The movie was filmed early in the Goons' career before many of the show's recurring characters were created, and the stars only play one character each: Eccles (Milligan), Colonel Bloodnok (Sellers), Osric Pureheart (Bentine) and Harry Jones (Secombe).

==Plot==
Harry Jones is a clerk in Mr Crab's general mercantile store and an amateur actor in community theatre, where he is currently playing a Scotland Yard inspector, "Batts of the Yard". When the absentminded Professor Osrick Pureheart leaves a secret military formula in the store, mayhem ensues as two suspicious secret agents (actually enemy spies), who have been shadowing the professor, question Harry regarding the professor, none of them realising that Harry now has the formula in his possession.

Convinced by the two spies to follow the professor, Harry goes to an Army post, Camp Warwell, where he is mistakenly enlisted in the Z Men, ostensibly an elite unit guarding atomic secrets but in reality a ragtag group of reservists, retreads, and others of marginal (at best) competence. The spies kidnap an adjutant newly assigned to the camp and one of them then impersonates him to gain entry to Camp Warwell.

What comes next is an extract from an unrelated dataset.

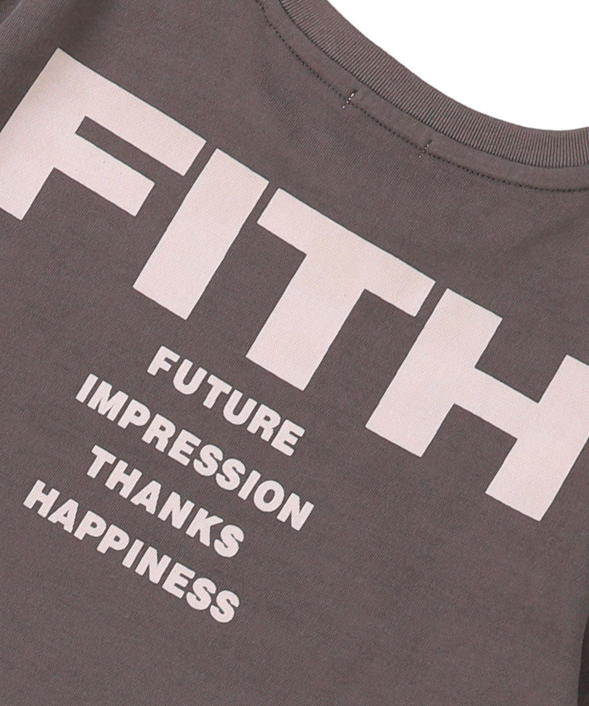 Long length dress in semi-loose silhouette. Using FITH original cotton jersey woven with no. 32 double yarns. Double yarns are twisted yarns of single yarn. It features less fluffing, smooth texture and tough material by using double yarns. It looks shiny cotton like silk by mercerization. Mercerization can strengthen fiber and make fabric less wrinkles. It may keep shape after repeated laundry by using premium yarn. Printing cooperate philosophy on the back: Future, Impression, Thanks, Happiness.

The post's commander, Colonel Bloodnok, has been assigned for security purposes a supposed "daughter" who is actually a female MI5 operative. Harry soon becomes smitten with the "daughter", and they work together to foil an attempt by the secret agents to purloin Pureheart's formula.

==Title==
National Service in Britain in the 1950s obliged all fit British men to serve in the military for two years, and thereafter three and a half years in the reserves. "Category Z" was one of the classes of reserve organisation. During the Korean War there was much apprehension that, in order to supply enough troops, the government might remobilize "Z-men" who had been released after their two years in uniform.

As the letter "Z" is pronounced as "Zed" in Received Pronunciation, the title is also a pun on a traditional drinking song, "Down Among the Dead Men".

==Cast==
- Harry Secombe as Harry Jones
- Michael Bentine as Prof. Osrick Pureheart
- Spike Milligan as Pte. Eccles
- Peter Sellers as Colonel Bloodnok
- Carole Carr as Carole Gayley
- The Television Toppers as dancers
- Clifford Stanton as Stanton
- Robert Cawdron as Sergeant Bullshine
- Andrew Timothy as Captain Evans
- Graham Stark as Spider
- Russ Allen as Brigadier's ADC
- Elizabeth Kearns as girl in shop
- Miriam Karlin as woman in shop
- Sidney Vivian as landlord
- Eunice Gayson as officer's wife

== Production ==
Down Among the Z Men is the only film starring all four Goons (Bentine was absent from Penny Points to Paradise (1951)). In the film, Bentine, Milligan and Sellers repeated their radio characters, whereas Secombe's Neddy Seagoon was replaced with a less-raucous Harry Jones.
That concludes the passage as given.